A natural question to ask is whether the policy change we examined had an impact on longer-term outcomes, such as university enrollment. University enrollment in Chile depends not only on test scores, but also on the interplay of a number of factors, including the offer of programs for the year, admission quotas and applicant sizes, explicit efforts by programs to attract women, how programs weigh test scores versus other criteria for admission each year, and how applicants rank-order the preferences they report to the centralized matching clearinghouse. Thus, it is more challenging to establish a direct link between the policy change and outcomes beyond test scores. Nevertheless, we also examined whether the policy change impacted the quality of programs into which women enrolled. We only briefly mention the results in this section because we interpret them more cautiously (see the SI Appendix for details). If the policy change improves women’s test scores, and higher test scores in turn increase women’s probability of admission into more selective programs (most of which are STEM programs in Chile), then we expect women to enroll in more selective programs following the policy change. Furthermore, we expect this increase in the selectivity of female enrollment relative to men’s to be explained by changes in test scores. We conducted two-step regressions, following the models reported in Table 1 (main specification and SIMCE controls), but changing the outcome variable to a proxy of how selective the program an individual enrolls in is (see SI Appendix, Table S21 for all test-takers, and SI Appendix, Table S22 for test-takers in the top quintile of PSU test scores). We find indeed that women in the top quintile of test scores enroll in more selective programs following the policy change, and that ∼35 to 57% of this improvement is accounted for by women’s improvement in their test scores, potentially pointing to the policy change as one underlying mechanism for women’s improved enrollment outcomes. Thus, while it is more difficult to establish a direct link between the policy change and enrollment, our evidence suggests that the removal of penalties for wrong answers on the Chilean college entry examination may have benefitted female test-takers in this important, more long-lasting, outcome.

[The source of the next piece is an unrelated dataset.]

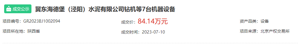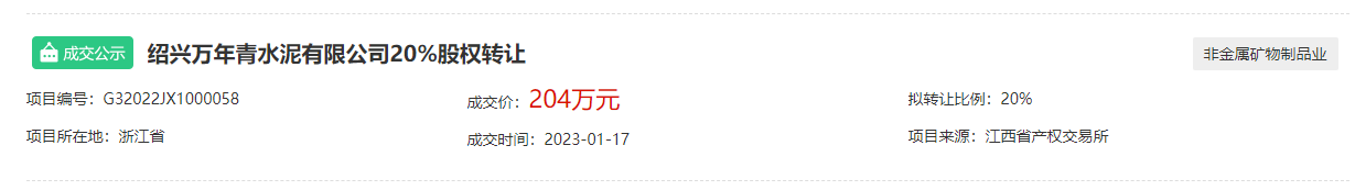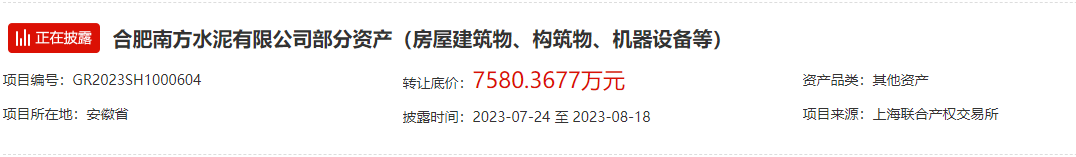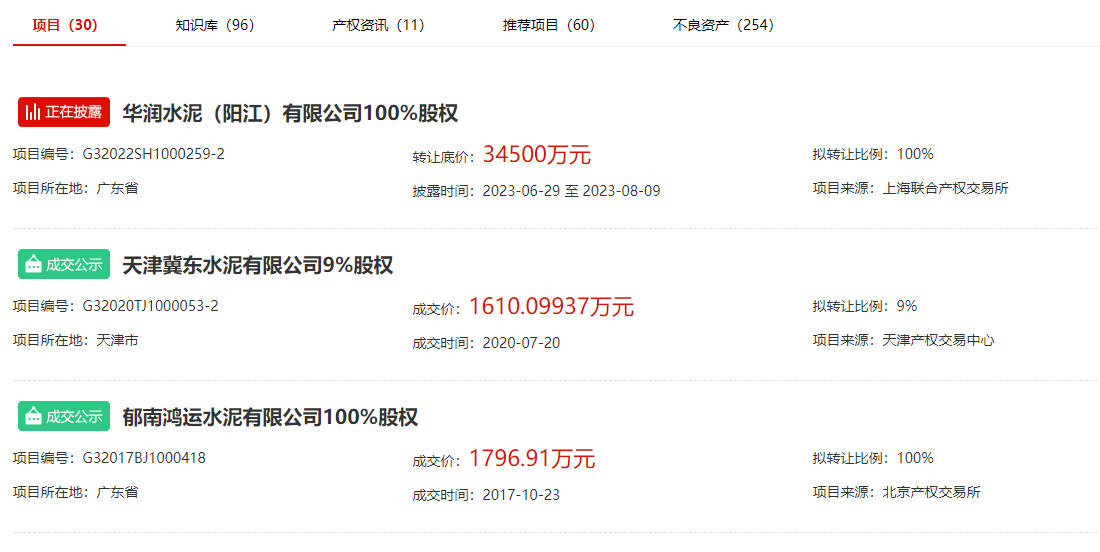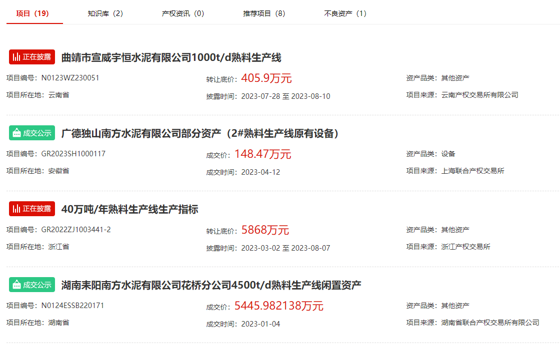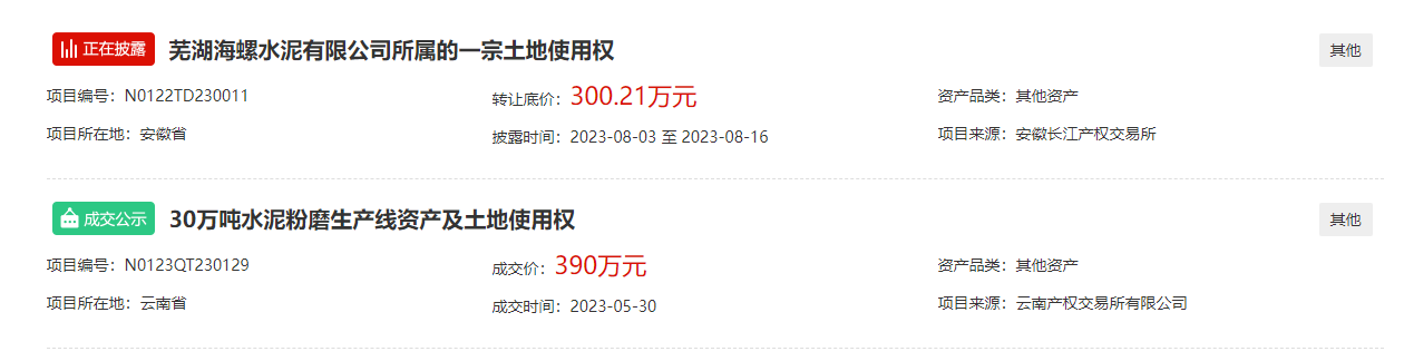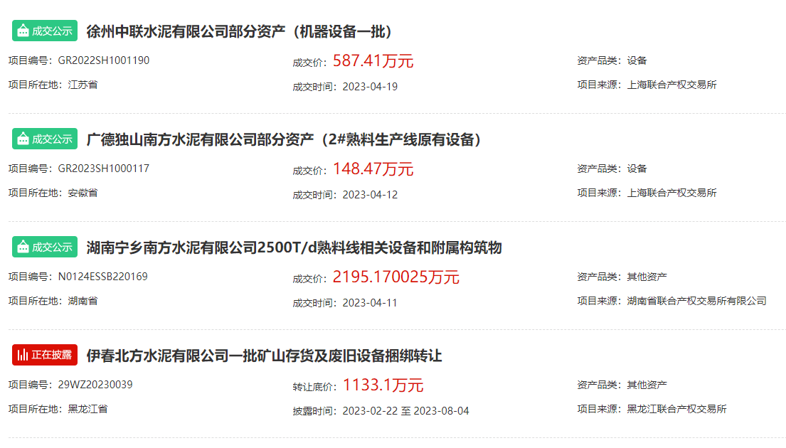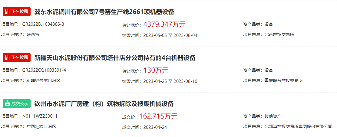 另有包含華潤水泥、冀東水泥、萬年青水泥在內的4家品牌企業公開出讓企業股權;包含行業知名企業蕪湖海螺水泥在內的兩家企業公開出讓土地使用權;包含天山水泥、中聯水泥南方水泥、北方水泥、冀東水泥在內的14家企業公開出讓熟料生產線、熟料指標、房屋建筑物、構筑物及機器設備等資產。
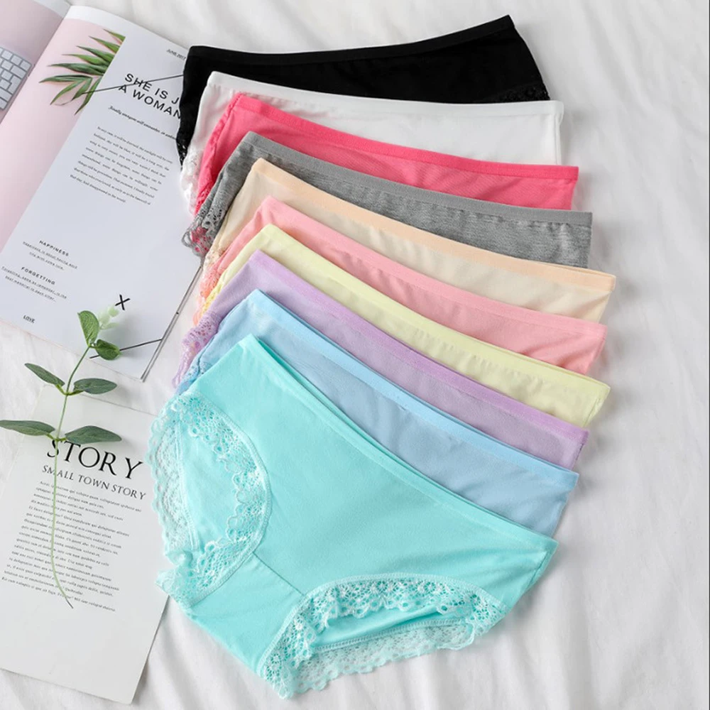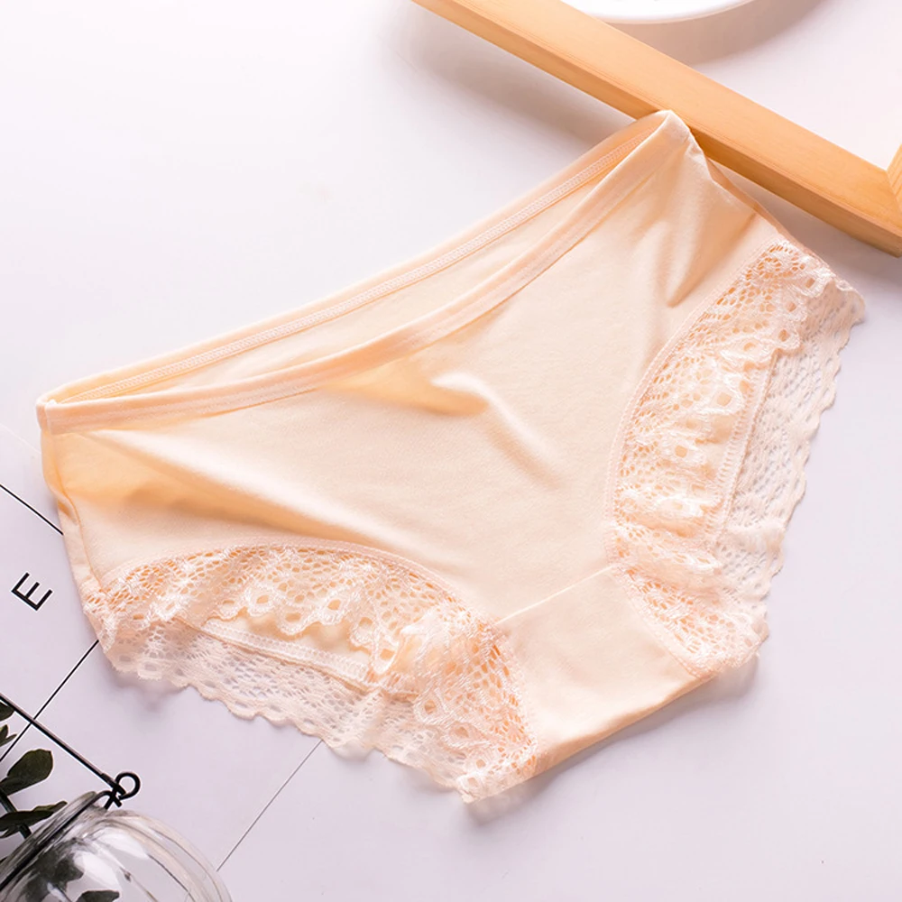 2 шт., женские трусики из хлопка и модала, с кружевом

Our main contribution is to provide an investigation of the impact of removing penalties for wrong answers on a high-stakes, national college entry examination, at a time when other high-stakes examinations have recently implemented similar policies (including the SAT). Given the size of our dataset, we are able (and well-powered) to explore a large and nuanced set of questions, including giving special attention to high-achieving test-takers. We also explore across-domain differences. Within our data, we see that the existing gender gap in performance, and the extent to which it is well-explained by skipped questions, are informative in predicting the impact of the policy, with larger reductions in the gap in test scores estimated for domains where larger portions of the prepolicy change gap were due to skipped questions. This may be an important factor to consider in thinking about how our results are likely to generalize to other contexts. Another factor to consider is the cultural context. Chile has relatively large gender gaps in performance in standardized tests. Would similar policy changes have similar impacts for populations with different gender norms? These are important questions for future work.

An inherent limitation of our study is the lack of a proper control group that is untreated by the policy change. The variety of approaches we use to address this issue, including placebo tests and analysis that relies on test-taker ability measures unimpacted by the policy change, consistently point to a positive impact of the policy change on the gender gap in achievement among higher-performing test-takers. These are precisely the test-takers for whom PSU scores are most likely to matter for educational and career outcomes.

Supplementary Material

Supplementary File

Acknowledgments

We thank the Departamento de Evaluación, Medición y Registro Educacional for providing the data on the Chilean college admissions process, and the Agencia de Calidad de la Educación for providing the data on the Sistema de Medición de la Calidad de la Educación (SIMCE) test.

Footnotes

The authors declare no competing interest.

*These tests include the Vestibular in Brazil, the University Selection Test (Prueba de Selección Universitaria) in Chile, the Gaokao in China, the SABER examination in Colombia, the National Aptitude Tests in India, the Psychometric Entrance Test in Israel, the University Entrance Examination in Iran, the National Center Test in Japan, the Unified Tertiary Matriculation Examination in Nigeria, the National Aptitude Test in Poland, the Higher Education Examination Undergraduate Placement Examination in Turkey, the Scholastic Assessment Test (SAT) in the United States, and others.

In fact, past work has shown evidence of both of these factors. Women have been found to be more risk averse on average (2, 3), and to have more pessimistic beliefs of their own chances of answering correctly (410). Past work also shows that women are less likely to be associated with the type of intellectual brilliance that is thought to be required in fields such as physics and math (11); this may also decrease their own perceived chances of answering correctly in these domains.

The central idea is that the decision to skip a question and earn 0 points rather than take a risky gamble over 1 point and −0.25 points depresses variance. We perform simulations that illustrate this idea in the Results section.

§Related work shows that women also skip more questions than men when there are positive points awarded for skipped questions and no points awarded for incorrect answers (17).

The SIMCE has no explicit stakes for an individual test-taker, and only aggregate-level test scores are made public (at the school or region level).

#The remaining gender gap in skipping (0.59 questions) is significant (P < 0.001) and, while significantly smaller in absolute terms, is large (52%) relative to the mean number of questions skipped by a test-taker after the policy change (1.13 questions). Our data are not well-equipped to explain the remaining number of questions skipped after the policy change, and the remaining gender gap in skipping. It may be due to (differential) time management strategies in the test, lack of understanding about the scoring rule, or other reasons. However, we note that the median number of questions skipped is zero for each domain and each year after the policy change; thus, the practice of skipping is eliminated with the policy change for the majority of test-takers.

Naturally, achievement on the PSU cannot be measured independently from skipping behavior. Later in the analysis we used SIMCE test scores as an alternative measure of ability that is unaffected by skipping on the PSU.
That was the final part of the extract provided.